**Task objective**
Once you reach the line containing "The Courtyard by", return it and every line after it exactly, through the end of the records below, with no pictures.

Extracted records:

=== Begin Enclosure ===

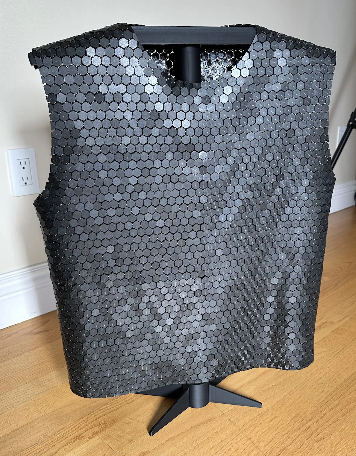 V2 chắc chắn hơn và dễ lắp ráp hơn (mặc dù nó yêu cầu máy Prusa XL). Tôi xuất bản phiên bản này "nguyên trạng" cho những ai đủ dũng cảm để tự in nó. Phiên bản áo này yêu cầu lắp ráp thủ công và khâu chỉ sáp. Vui lòng chỉ thực hiện nếu bạn sẵn sàng cho một thử thách và đã có nhiều kinh nghiệm in 3D. Bạn đã được cảnh báo!
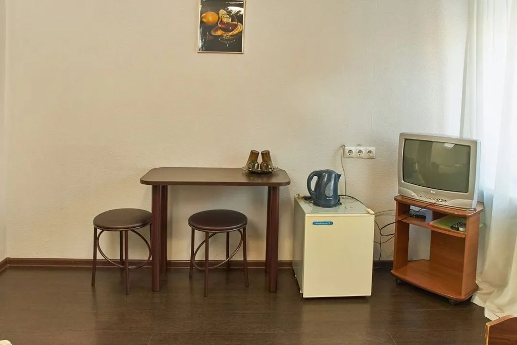 Гостиница «Аэроотель» расположена в тихом районе на севере города Абакана, в 100 метрах от аэропорта. Близость к воздушной гавани делает гостиницу отличным выбором для тех, кто ценит свое время. Остановка общественного транспорта, также расположенная рядом, позволит быстро добраться до центра города. Расстояние до центра: 4, 38 км. Для размещения в гостинице «Аэроотель» предусмотрены 30 номеров различной категорий - одноместные, двухместные, номера категории люкс, полулюкс, стандарт, эконом класса. В комплектацию каждого из номеров входят – двухспальная кровать или две односпальные кровати, платяной шкаф, стол, прикроватные тумбочки, телевизор, холодильник, чайник, столовые приборы, санузел в ванной комнате. В номерах люкс дополнительно мягкая мебель, кондиционер. Питание для гостей организовано в сервис-баре. Здесь предлагаются горячие блюда, закуски, салаты, и прохладительные напитки.
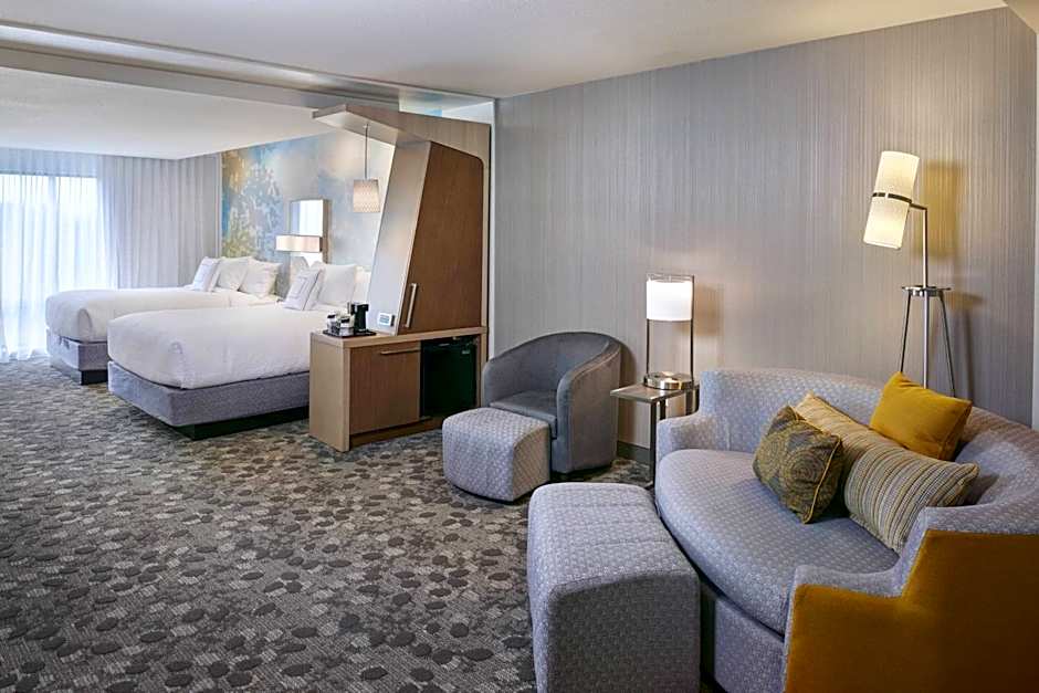 The Courtyard by Marriott Jackson offers guest rooms with 2 Queen beds, 1 King bed with a sofa bed, and suites with 2 Queen beds and a sofa bed. All rooms are non-smoking and have a size of 301 sqft. The rooms can accommodate 4 adults and 3 children, while the suites can accommodate 6 adults and 5 children.
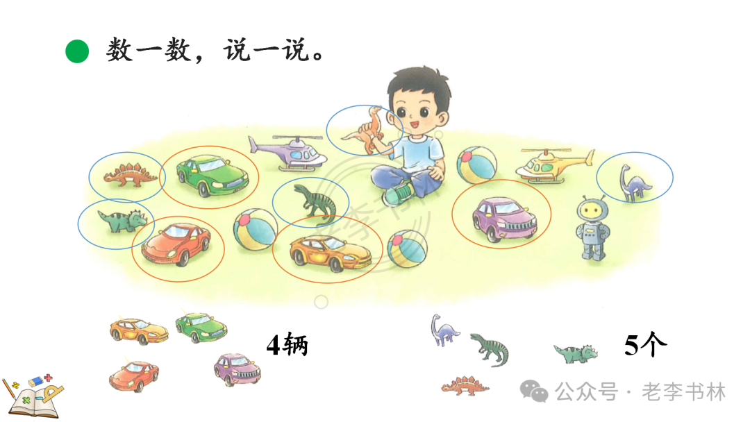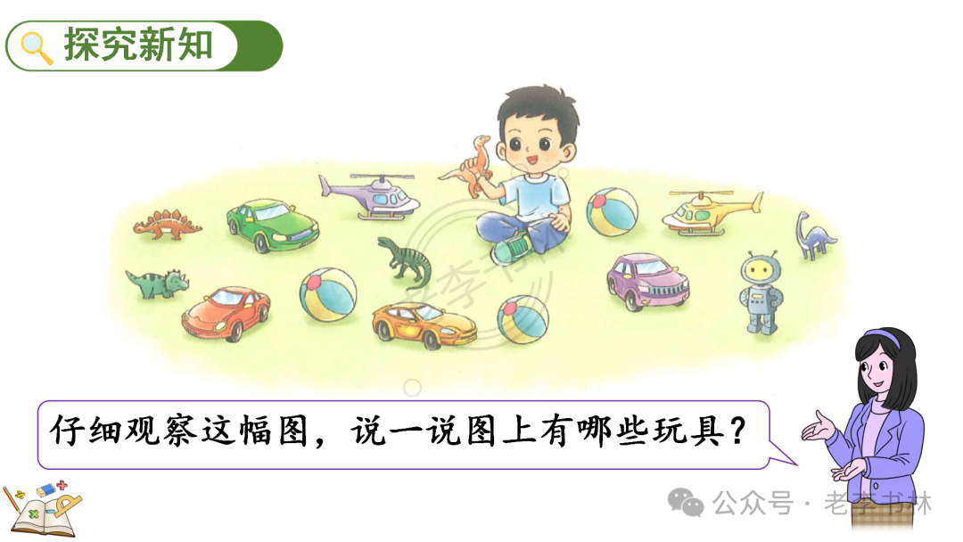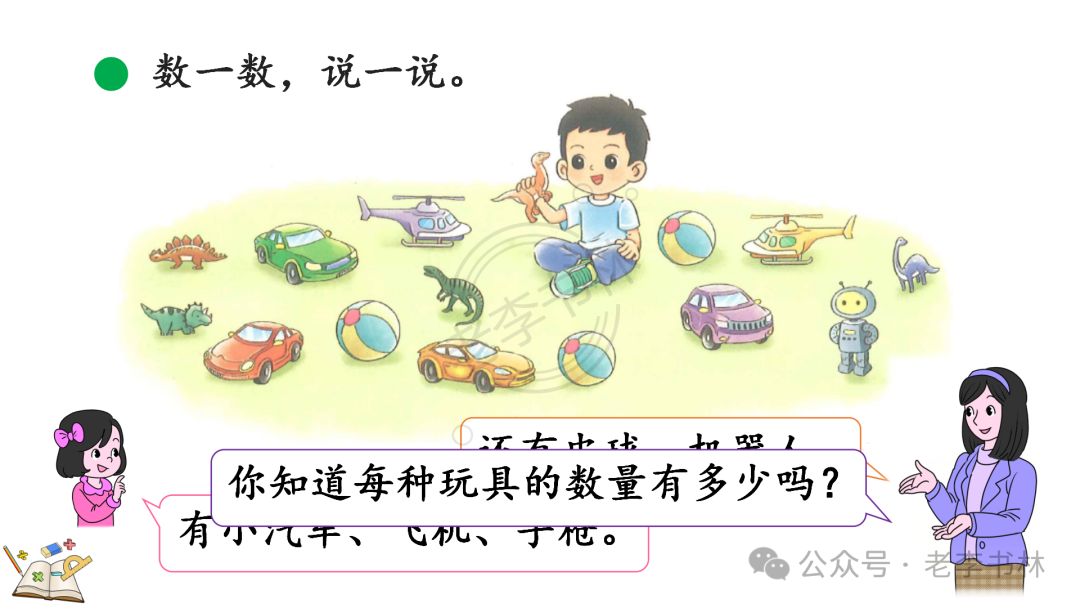 1学生回答:有布娃娃、两个人、皮球、小汽车、积木。2学生回答:1个布娃娃、2个人、3个皮球、4辆车、5块积木。
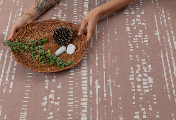 Fabric is sourced from Belgium and printed in the USA using water based pigment inks in a low VOC process.
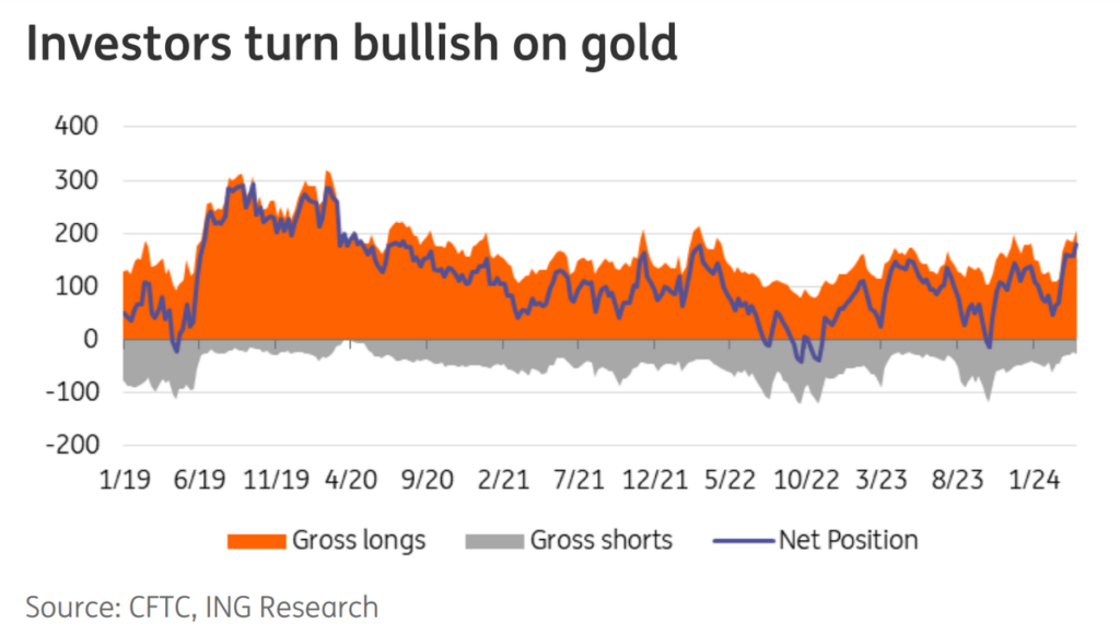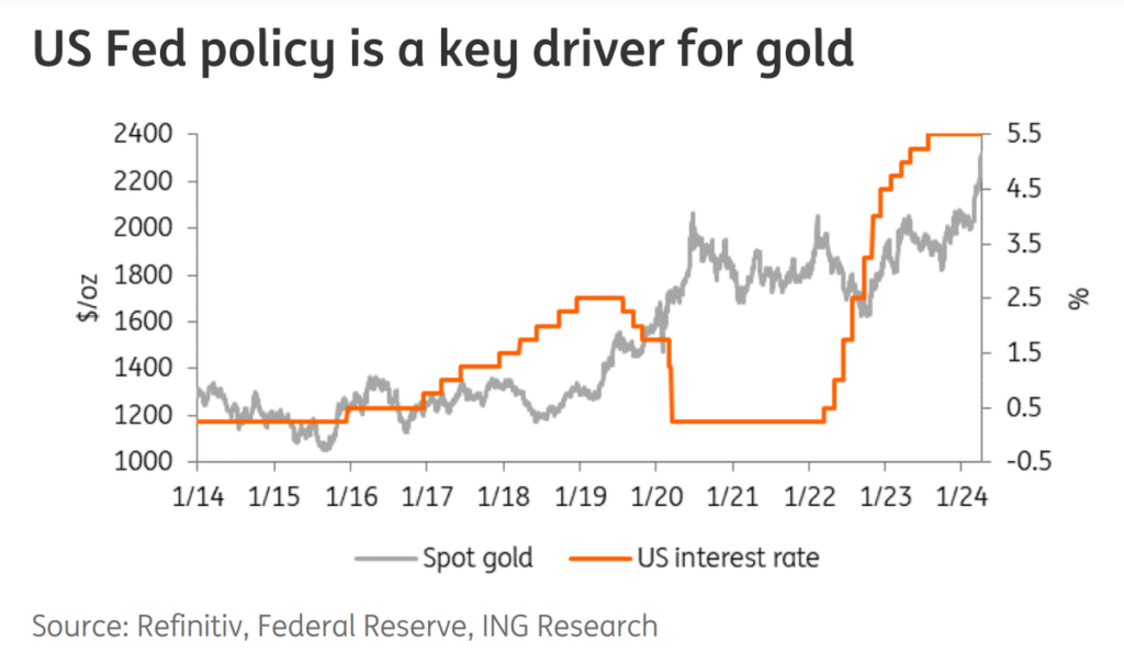 Manthey nói rằng ING vẫn dự đoán đợt phục hồi hiện tại của vàng sẽ tiếp tục đến hết năm 2024.

=== End Enclosure ===

**Solution**
 The Courtyard by Marriott Jackson offers guest rooms with 2 Queen beds, 1 King bed with a sofa bed, and suites with 2 Queen beds and a sofa bed. All rooms are non-smoking and have a size of 301 sqft. The rooms can accommodate 4 adults and 3 children, while the suites can accommodate 6 adults and 5 children.
 1学生回答:有布娃娃、两个人、皮球、小汽车、积木。2学生回答:1个布娃娃、2个人、3个皮球、4辆车、5块积木。
 Fabric is sourced from Belgium and printed in the USA using water based pigment inks in a low VOC process.
 Manthey nói rằng ING vẫn dự đoán đợt phục hồi hiện tại của vàng sẽ tiếp tục đến hết năm 2024.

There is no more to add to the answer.